_Goal of the exercise_: Below, find the line containing "W zestawie są" and the line containing "지금 서버에서 각 프로그램이"; reproduce exactly those two and every line between them, omitting pictures.

_Items from a dataset_:

::::

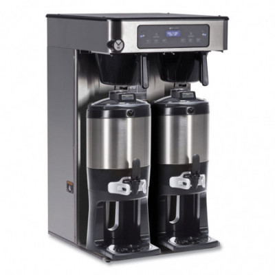 Delivers twice the brew capacity, from a single platform. With over 23 inches of clearance under the brew funnel, the brewer is designed to easily brew into 1.5 gallon TF servers. The Peak Extraction spray-head provides improved uniformity of extraction for a perfectly balanced cup of coffee, and also offers greater resistance to limescale buildup.
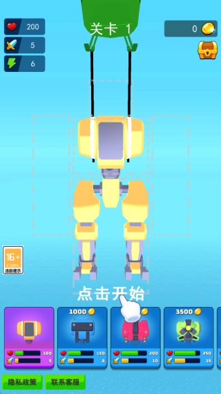 5. 只要完成关卡任务并抵达终点,就能顺利闯关。闯关所获得的金币奖励,可用于解锁更多零部件,对机甲战士进行强化。强化后的机甲战士,已准备好迎接新的挑战,快开启征程吧!
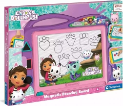 W zestawie są magnetyczny pisak i 3 stempelki (koło, trójkąt, kwadrat), które wspierają naukę kształtów i rozwój motoryki małej. Lubiany motyw Domku Gabi dodatkowo zachęca do zabaw w odgrywanie ról i rozwija wyobraźnię.
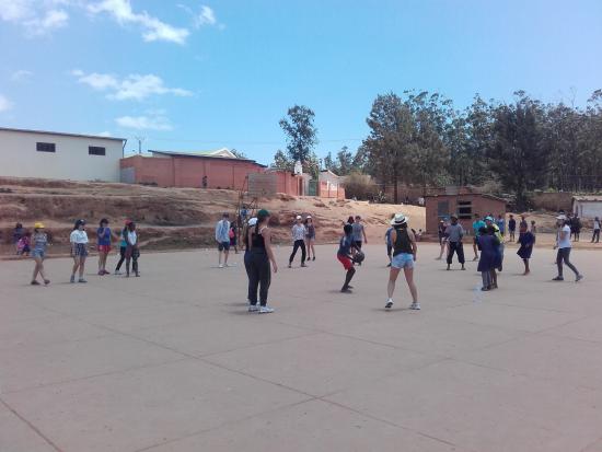 Les jeunes ont eu l'occasion de faire une belle partie de ballon prisonnier... D'abord intrigués, quelques jeunes malgaches ont finalement intégré une équipe et joué avec nous... Une première occasion de réviser notre vocabulaire de base de malgache.
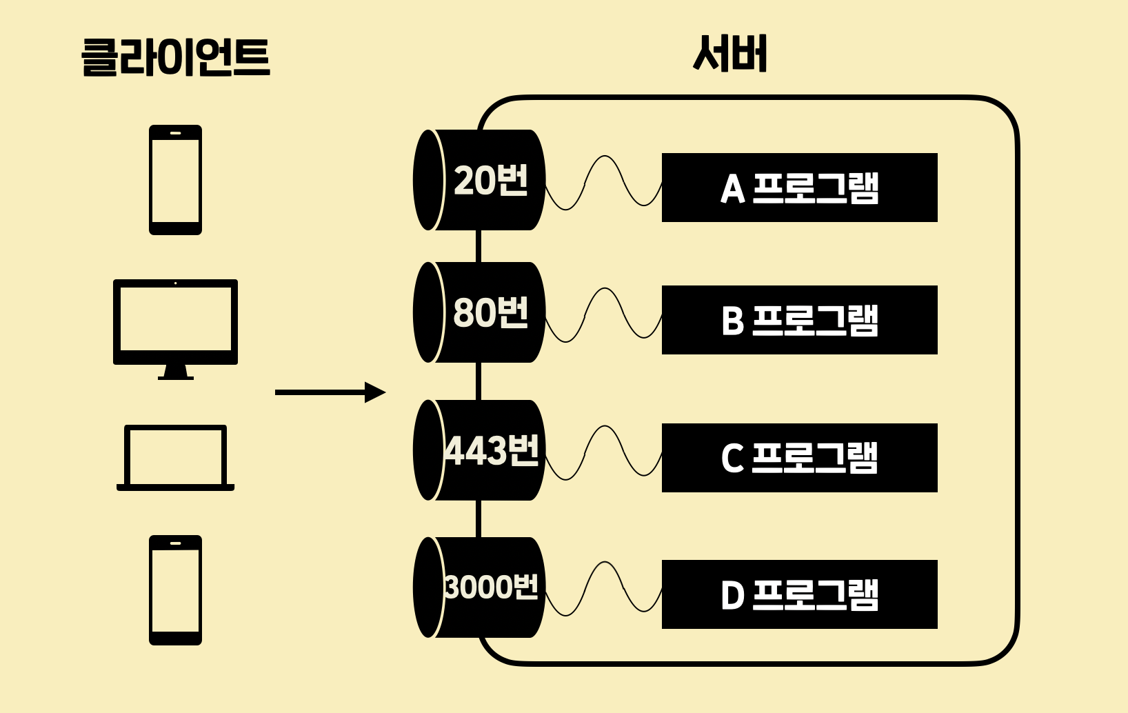 지금 서버에서 각 프로그램이 서로 다른 포트 번호를 할당받아서 실행되고 있죠? 이럴 때 클라이언트는 원하는 프로그램의 포트 번호를 지정하고 접속하면 됩니다.
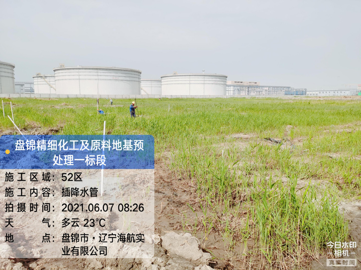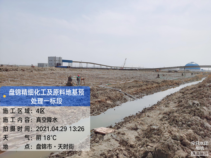 本項(xiàng)目為兵器工業(yè)集團(tuán)精細(xì)化工及原料工程項(xiàng)目廠區(qū)地基預(yù)處理施工 (一標(biāo)段),位于遼寧省盤(pán)錦市遼東灣新區(qū),場(chǎng)地行政區(qū)劃隸屬盤(pán)錦市大洼區(qū)榮興鎮(zhèn)。工程總地基處理面積552451㎡,共分為一區(qū)和二區(qū),一區(qū)面積71080.92㎡;二區(qū)面積481371㎡,擬采用強(qiáng)夯、真空排水、挖溝排水措施方式進(jìn)行處理。
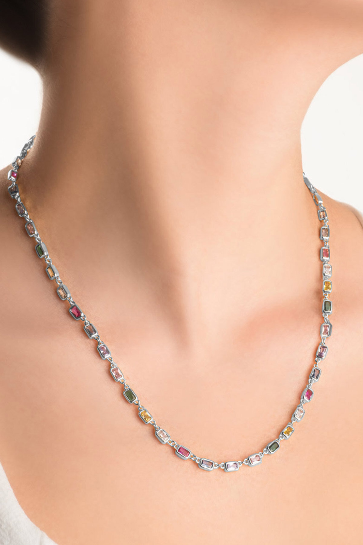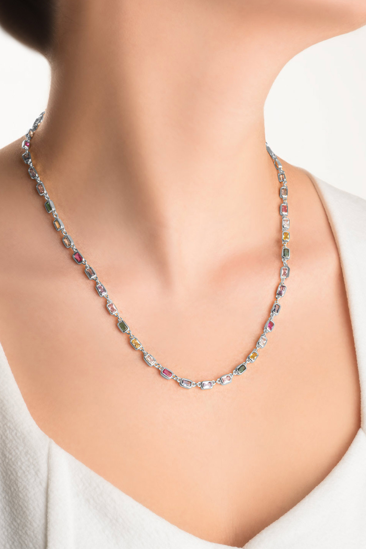 Mix Taşlı Beyaz Altın Kaplama
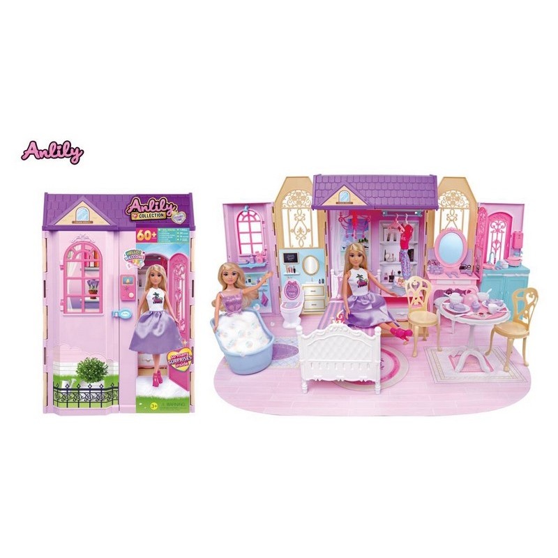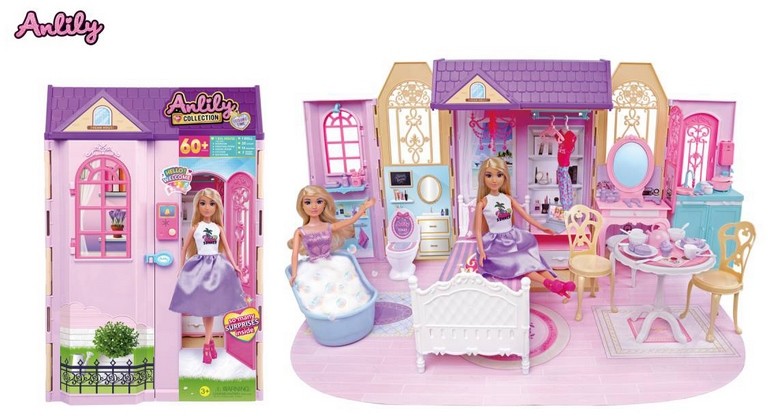 Esta casita con muñeca de 30 cm se abre para convertirse en un amplio espacio de 74x37 cm, ideal para organizar todas las estancias y decorar con los muebles, accesorios y complementos incluidos.
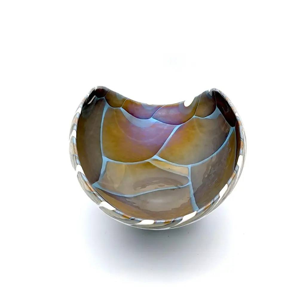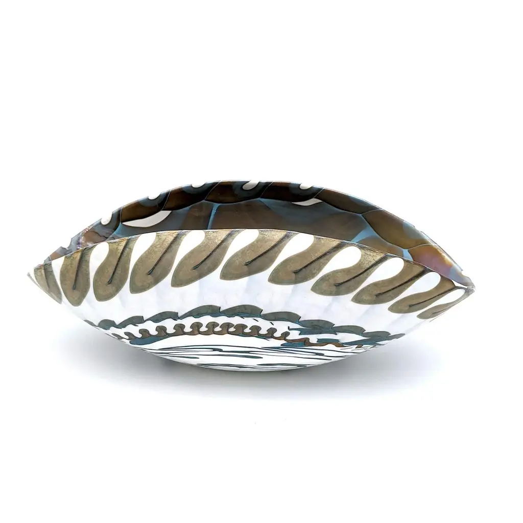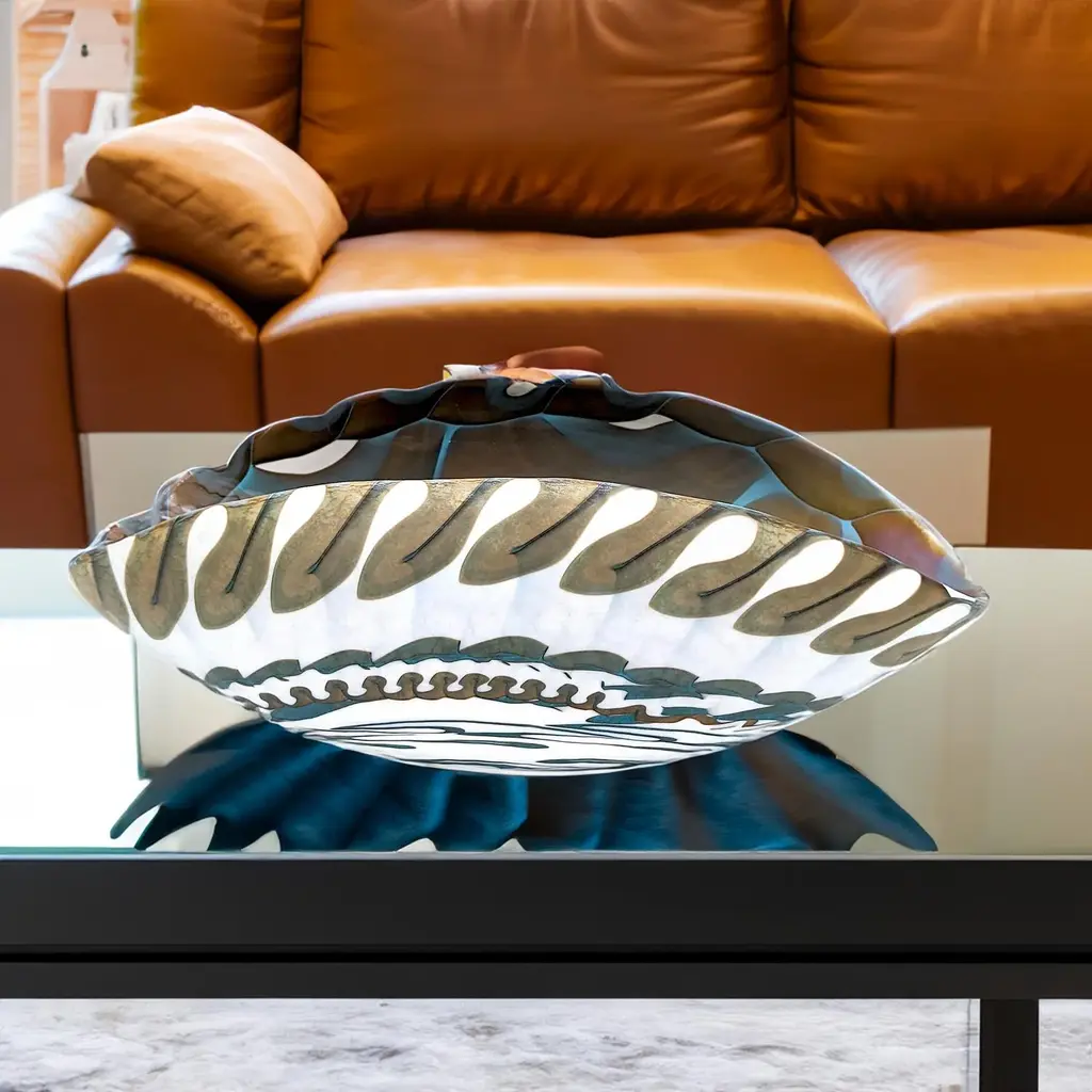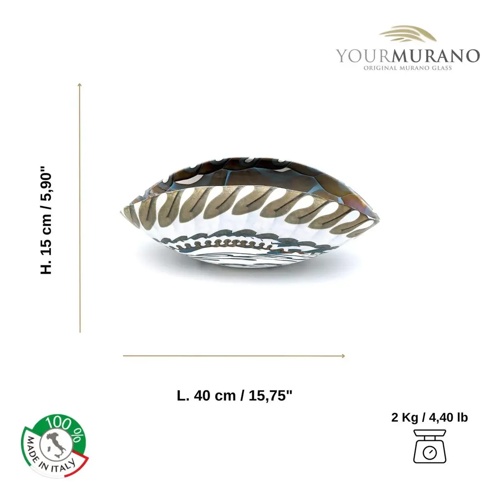 Handcrafted centerpiece in colored glass with iridescent reflections. The elegant design and neutral tones make it an ideal furnishing accessory for any home environment, adding a touch of sophistication and style. Also perfect as an exclusive gift, it enhances the beauty and functionality of Murano craftsmanship. Labeled by Maker

::::

_Result below_:
 W zestawie są magnetyczny pisak i 3 stempelki (koło, trójkąt, kwadrat), które wspierają naukę kształtów i rozwój motoryki małej. Lubiany motyw Domku Gabi dodatkowo zachęca do zabaw w odgrywanie ról i rozwija wyobraźnię.
 Les jeunes ont eu l'occasion de faire une belle partie de ballon prisonnier... D'abord intrigués, quelques jeunes malgaches ont finalement intégré une équipe et joué avec nous... Une première occasion de réviser notre vocabulaire de base de malgache.
 지금 서버에서 각 프로그램이 서로 다른 포트 번호를 할당받아서 실행되고 있죠? 이럴 때 클라이언트는 원하는 프로그램의 포트 번호를 지정하고 접속하면 됩니다.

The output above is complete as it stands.